MATERIAL PROVIDED Block Start
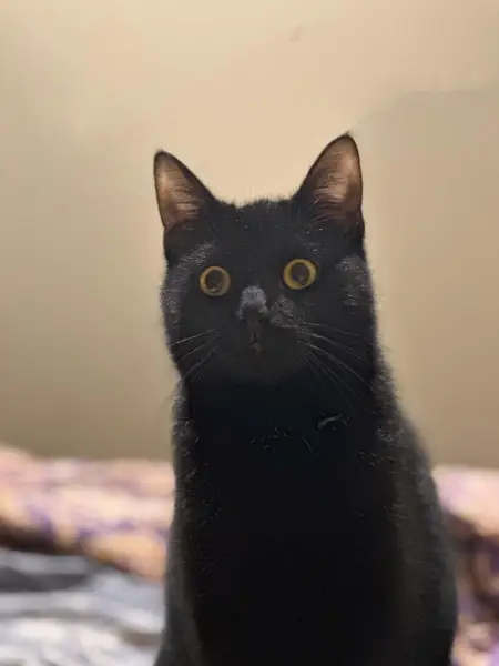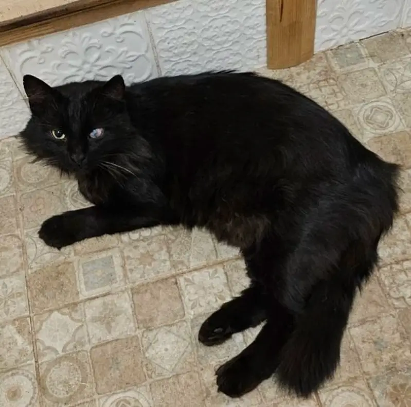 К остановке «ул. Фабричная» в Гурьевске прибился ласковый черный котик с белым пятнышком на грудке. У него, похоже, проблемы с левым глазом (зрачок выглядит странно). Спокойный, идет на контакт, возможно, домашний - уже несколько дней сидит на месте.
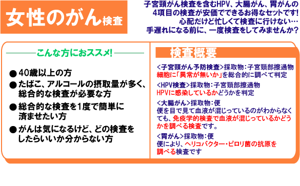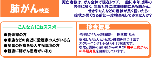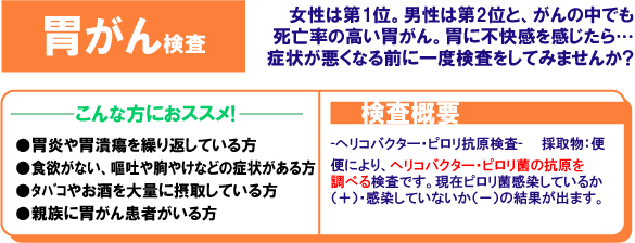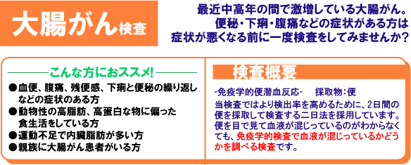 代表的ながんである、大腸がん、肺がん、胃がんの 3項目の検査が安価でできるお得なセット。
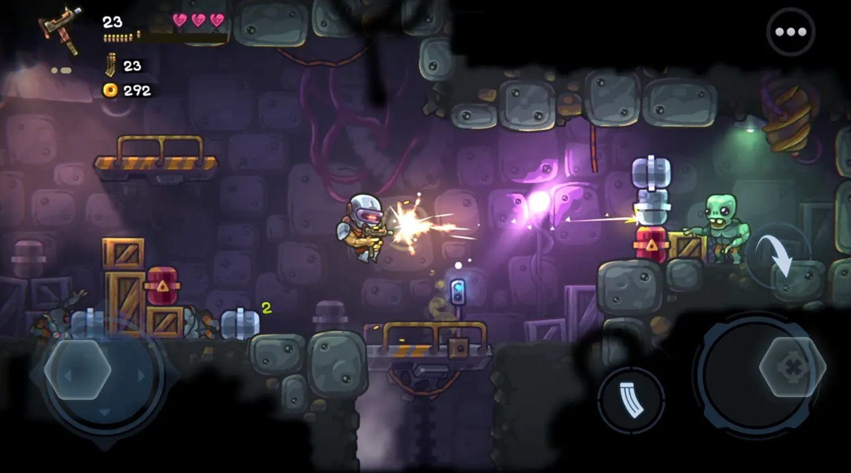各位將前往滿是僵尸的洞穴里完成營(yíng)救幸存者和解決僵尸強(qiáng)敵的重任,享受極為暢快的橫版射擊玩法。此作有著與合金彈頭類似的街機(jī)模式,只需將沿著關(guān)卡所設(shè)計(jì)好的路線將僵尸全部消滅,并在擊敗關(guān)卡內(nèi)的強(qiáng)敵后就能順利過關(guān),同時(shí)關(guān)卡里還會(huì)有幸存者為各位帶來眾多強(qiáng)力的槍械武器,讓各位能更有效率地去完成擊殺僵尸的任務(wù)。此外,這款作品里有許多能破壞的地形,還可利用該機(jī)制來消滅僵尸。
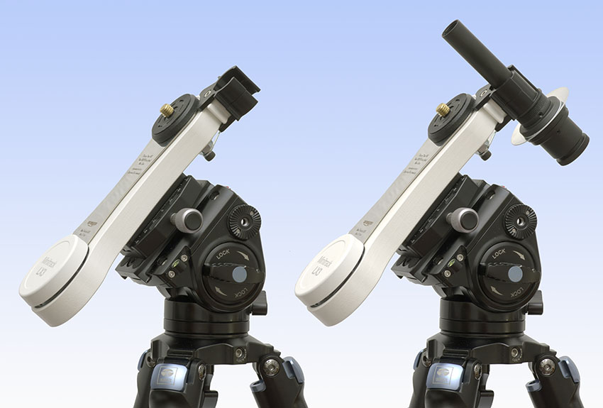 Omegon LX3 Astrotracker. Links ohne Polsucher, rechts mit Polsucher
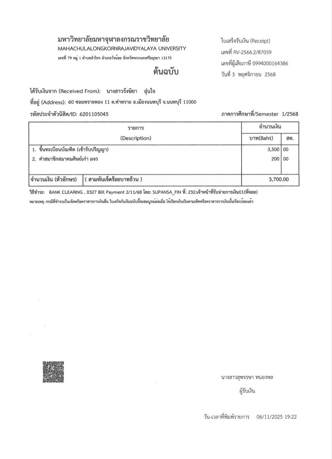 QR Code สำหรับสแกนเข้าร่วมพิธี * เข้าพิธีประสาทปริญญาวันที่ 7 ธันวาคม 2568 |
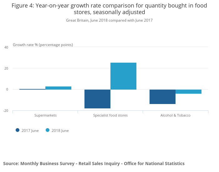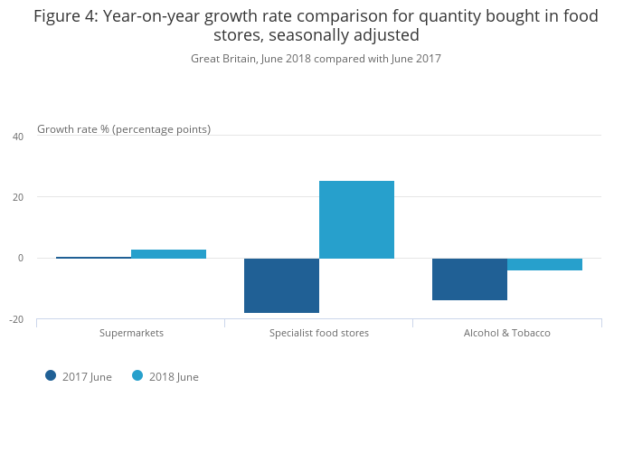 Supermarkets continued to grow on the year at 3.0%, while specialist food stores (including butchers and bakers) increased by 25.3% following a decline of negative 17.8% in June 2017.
MATERIAL PROVIDED Block End
MATERIAL PROVIDED Block Start
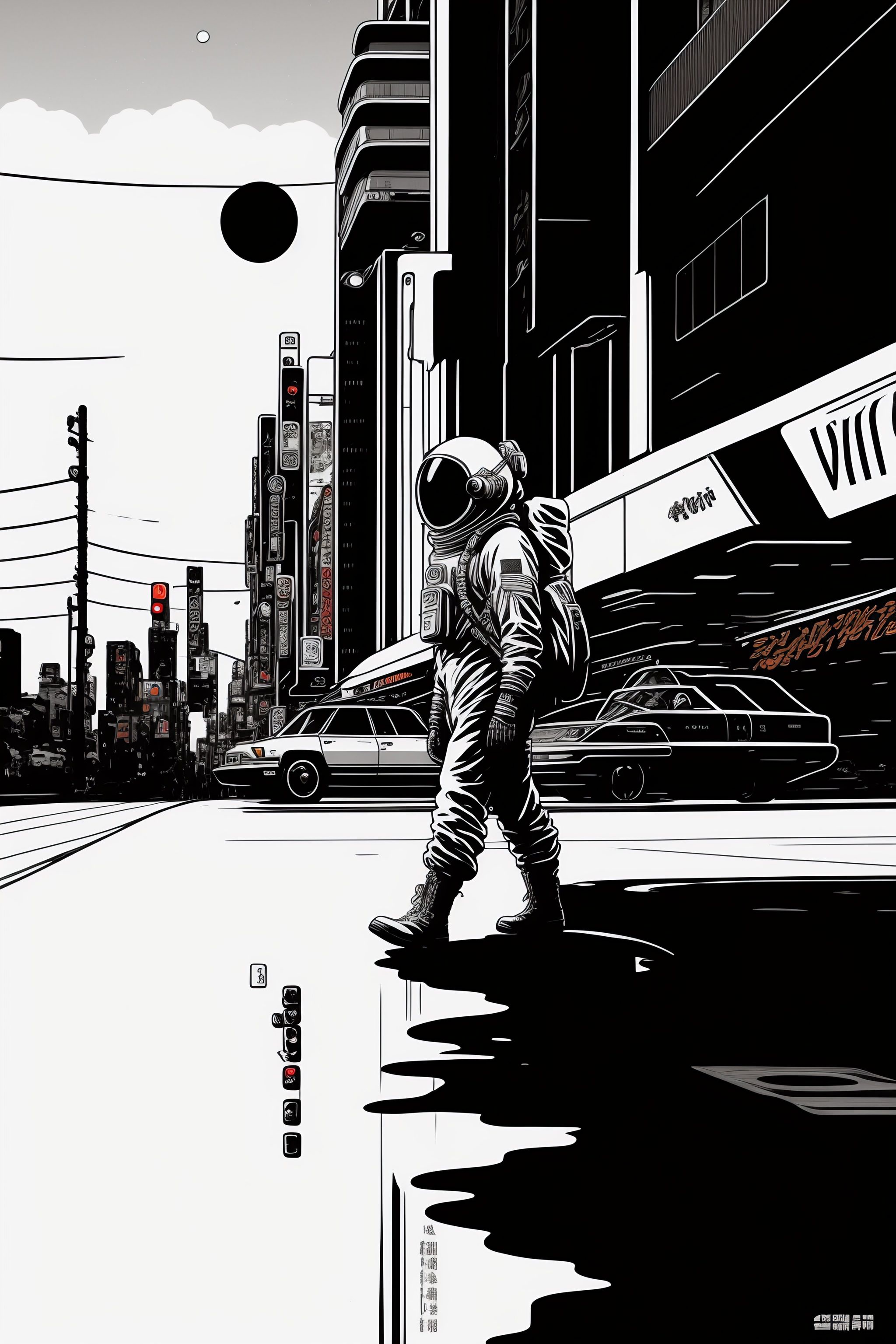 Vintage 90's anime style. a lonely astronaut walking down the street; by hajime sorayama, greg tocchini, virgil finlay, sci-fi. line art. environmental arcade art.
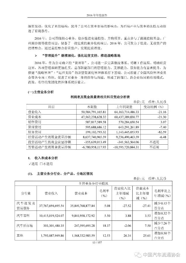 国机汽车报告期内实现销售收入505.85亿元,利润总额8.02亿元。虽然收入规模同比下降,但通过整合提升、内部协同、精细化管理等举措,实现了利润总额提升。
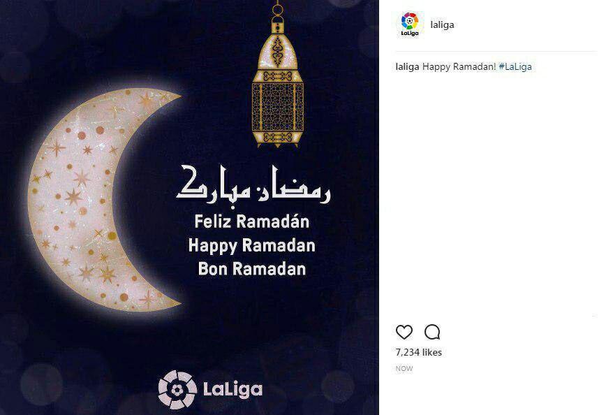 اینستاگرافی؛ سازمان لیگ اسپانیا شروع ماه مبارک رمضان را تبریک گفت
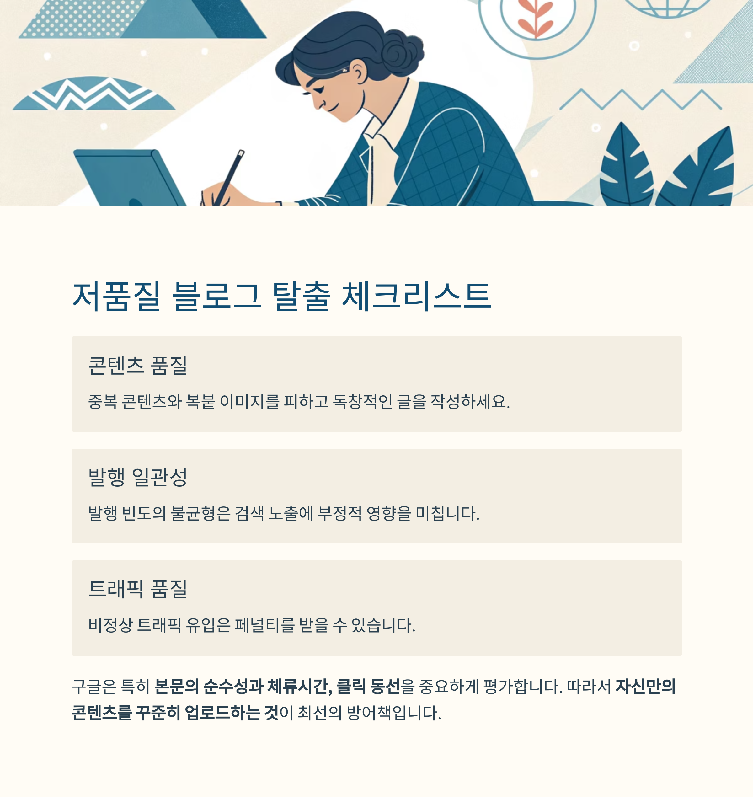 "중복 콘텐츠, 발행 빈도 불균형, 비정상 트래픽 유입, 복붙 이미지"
MATERIAL PROVIDED Block End
• **TASK TO COMPLETE**
Reproduce the listing above from the line that holds "اینستاگرافی؛ سازمان لیگ" through the line that holds "빈도 불균형, 비정상", both included, with the pictures left out.

• **RESULT**
 اینستاگرافی؛ سازمان لیگ اسپانیا شروع ماه مبارک رمضان را تبریک گفت
 "중복 콘텐츠, 발행 빈도 불균형, 비정상 트래픽 유입, 복붙 이미지"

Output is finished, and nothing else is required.